Autres causes potentielles
Bien que les éléments précédents soient bien étudiés, d'autres facteurs, tels que l'inflammation intestinale et la perméabilité intestinale, pourraient également contribuer aux symptômes du SII. La recherche se poursuit pour mieux comprendre ces mécanismes.
En résumé, les symptômes du SII résulteraient de l'interaction complexe de ces différents déséquilibres de la fonction intestinale. Par exemple, les gaz produits par le microbiote pendant la digestion peuvent étirer la paroi intestinale, ce qui se traduit par une interprétation accrue de la douleur par le cerveau chez les personnes atteintes du SII. De plus, le stress et l'anxiété semblent influencer la motilité intestinale, affectant la vitesse de passage des aliments dans l'intestin et conduisant à des variations dans la fréquence et la consistance des selles. On voit souvent l’apparition d’un cercle vicieux où les symptômes digestifs engendrent du stress, qui exacerbe à son tour les symptômes, et ainsi de suite.
Causes et facteurs de risque
L'apparition du syndrome de l'intestin irritable serait le résultat d'une combinaison de facteurs physiologiques et psychosociaux, qui peuvent varier d'une personne à l'autre. Parmi ces causes potentielles figurent :
• Infections gastro-intestinales
Des infections telles que les intoxications alimentaires, la diarrhée du voyageur, les infections parasitaires et la gastro-entérite peuvent déclencher ou aggraver les symptômes du SII. Ces infections peuvent perturber l'équilibre du microbiote intestinal et déclencher des réponses immunitaires qui affectent la fonction intestinale.
• Antibiotiques et médicaments
La prise prolongée d'antibiotiques ou de certains médicaments peut perturber la flore intestinale, ce qui pourrait contribuer à l’apparition du SII.
• Antécédents de chirurgie intestinale
Des interventions chirurgicales antérieures impliquant l'intestin peuvent augmenter le risque de développer le SII.
• Fluctuations hormonales
Les fluctuations hormonales, en particulier chez les femmes, peuvent influencer les symptômes du SII.

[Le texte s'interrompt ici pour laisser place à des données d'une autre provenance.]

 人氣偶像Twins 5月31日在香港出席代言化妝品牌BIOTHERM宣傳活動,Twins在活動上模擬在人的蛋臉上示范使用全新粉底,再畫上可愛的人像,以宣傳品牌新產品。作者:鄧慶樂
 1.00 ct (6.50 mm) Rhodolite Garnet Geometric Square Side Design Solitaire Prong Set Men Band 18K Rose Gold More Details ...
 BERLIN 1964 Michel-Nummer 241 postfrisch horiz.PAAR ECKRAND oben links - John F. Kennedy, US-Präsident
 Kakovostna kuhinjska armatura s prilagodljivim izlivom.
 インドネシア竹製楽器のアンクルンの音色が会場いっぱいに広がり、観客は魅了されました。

• Stress, anxiété, dépression
Le système digestif étant étroitement lié au système nerveux, les facteurs psychosociaux, tels que le stress, l'anxiété, la dépression et la somatisation, peuvent jouer un rôle significatif dans l'apparition et la sévérité des symptômes du SII.
• SIBO (small intestine bacteria overgrowth)

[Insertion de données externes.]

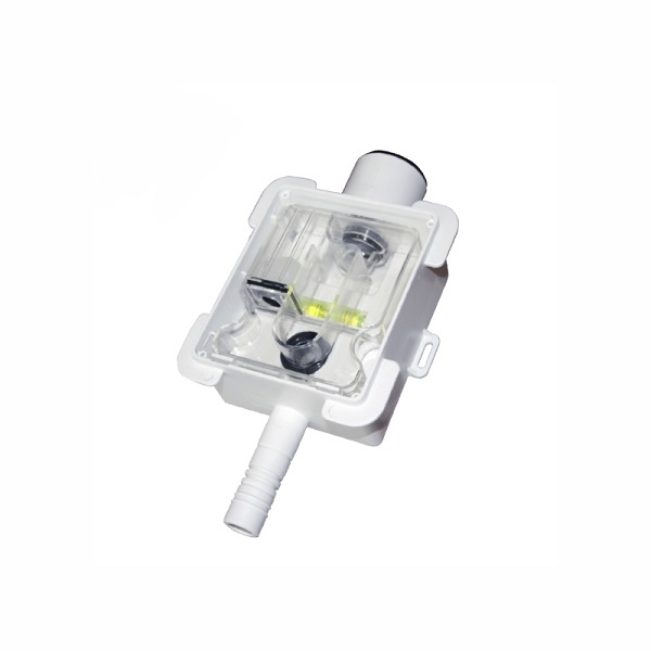 Sifon pentru condens cu montaj incastrat, fabricat din plastic transparent, utilizat pentru sisteme de aer conditionat, pompe de caldura si alte echipamente care produc condens pentru a obtura mirosurile neplacute. Racordul de intrare are diametrul exterior in trepte, de la 16 la 40 mm iar iesirea se conecteaza la tuburi, tevi cu diametre de la 18 la 20 mm.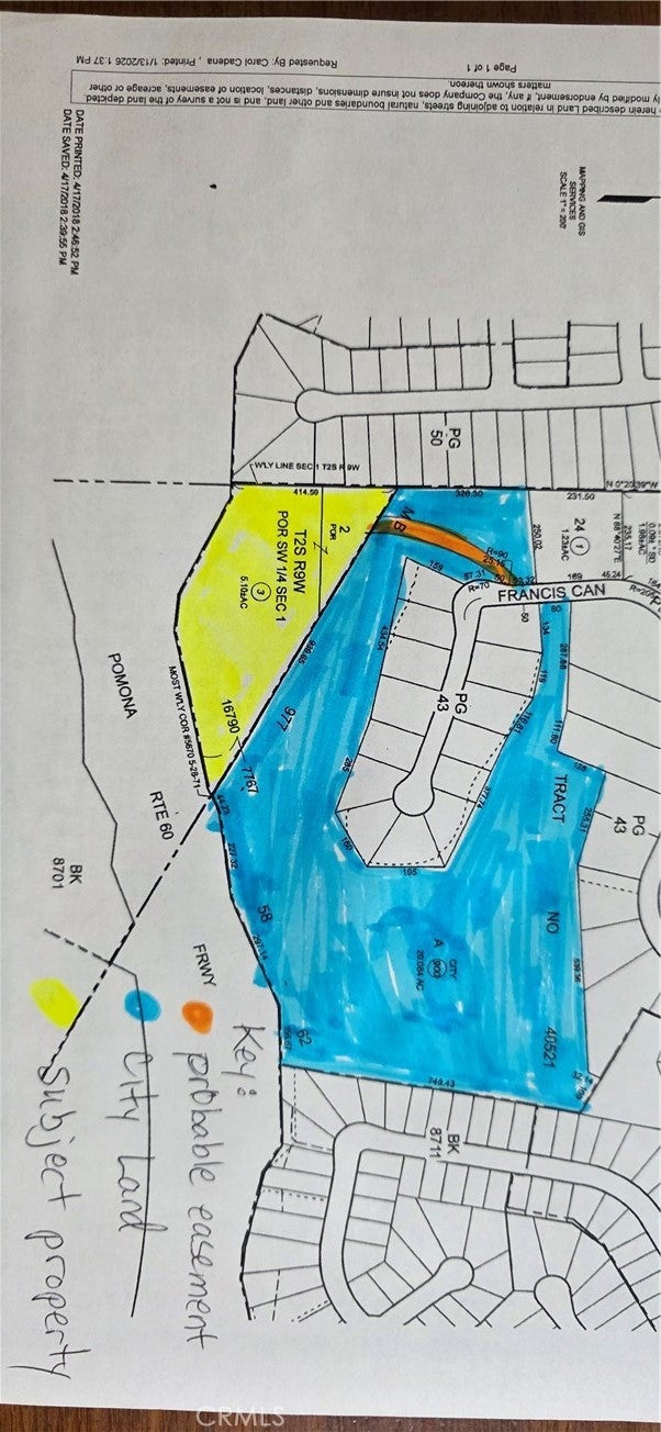 This is a Fantastic opportunity to purchase a 5+ acre parcel at the Southwest corner of Pomona city limits in Phillips Ranch, adjacent to Diamond Bar and the street Looking Glass. Appx. 1/3 of the lot will be natural hillside and cul de sac street usage per tentative plans (not approved) for 4 custom home parcels with views. Another possibility is one large custom home on the lot and a guest home (or no guest home), this is totally up to the purchaser. The current owner envisioned a 10,000 sf home with a guest home. From the west side of the lot on the upper most elevation , there are stunning views of Mt. Baldy and the San Gabriel Mountains. At the high point of the hill the elevation is above the street Franciscan Pl. The ingress egress would be off of Franciscan Pl. in Phillips Ranch- In between 23 and 27 Franciscan Pl. at the top of the cul de sac where it doglegs. The property can briefly be seen while travelling along the 60 freeway on the north side as you travel west from the Phillips Ranch Road exit. The property can also be seen from the back yards of the homes at the end of Looking Glass in Diamond Bar. If developed with one large home, this would be a landmark property, envied by all that pass by. The location to build is for someone wishing to be noticed! Come take a look at this special property. Currently zoned as open space with the city of Pomona considering an easement and a conversion to residential zoning. Schools are shared with N. Diamond Bar and are award winning. Local shopping with Winco grocery, Walmart, Target, and many restaurants. Just a 5-to-10-minute drive to the Chino Hills Costco or Shoppes outdoor mall, or the Chino Spectrum. Easy freeway access to the 10, 57, 60, 71, and 210. Please be polite of the residents of 23 and 27 Franciscan Pl.

Le SIBO est une augmentation anormale du nombre ou un changement du type de bactéries dans l'intestin grêle, qui peut provoquer des symptômes digestifs comme des ballonnements et gaz excessifs.
Certains facteurs semblent aussi accroître la probabilité de développer le syndrome de l'intestin irritable, notamment :
• Le sexe
Les femmes sont 1,5 fois plus susceptibles d'être touchées par le SII que les hommes. Les femmes atteintes du SII peuvent aussi avoir davantage de symptômes durant certaines phases de leur cycle menstruel.
• L'âge
Bien que le SII puisse affecter des individus de tous âges, il a souvent tendance à apparaître à l'adolescence ou au début de l'âge adulte.
• Antécédents familiaux
Avoir un parent souffrant du SII semble augmenter le risque de développer cette condition.
Conséquences et complications
Le syndrome de l'intestin irritable (SII) est généralement considéré comme une condition bénigne puisqu'il n'entraîne pas de dommages physiques à l’intestin ni d'inflammation intestinale, contrairement à d'autres troubles gastro-intestinaux plus graves. Sur le plan physique, il ne présente généralement pas de risques majeurs pour la santé. Cependant, il est crucial de ne pas minimiser les répercussions psychologiques qui peuvent être associées au SII, car elles peuvent parfois être très difficiles à supporter. Le SII est une condition chronique, persistant sur le long terme, et la nature, la fréquence et la gravité des symptômes peuvent fluctuer considérablement au fil du temps.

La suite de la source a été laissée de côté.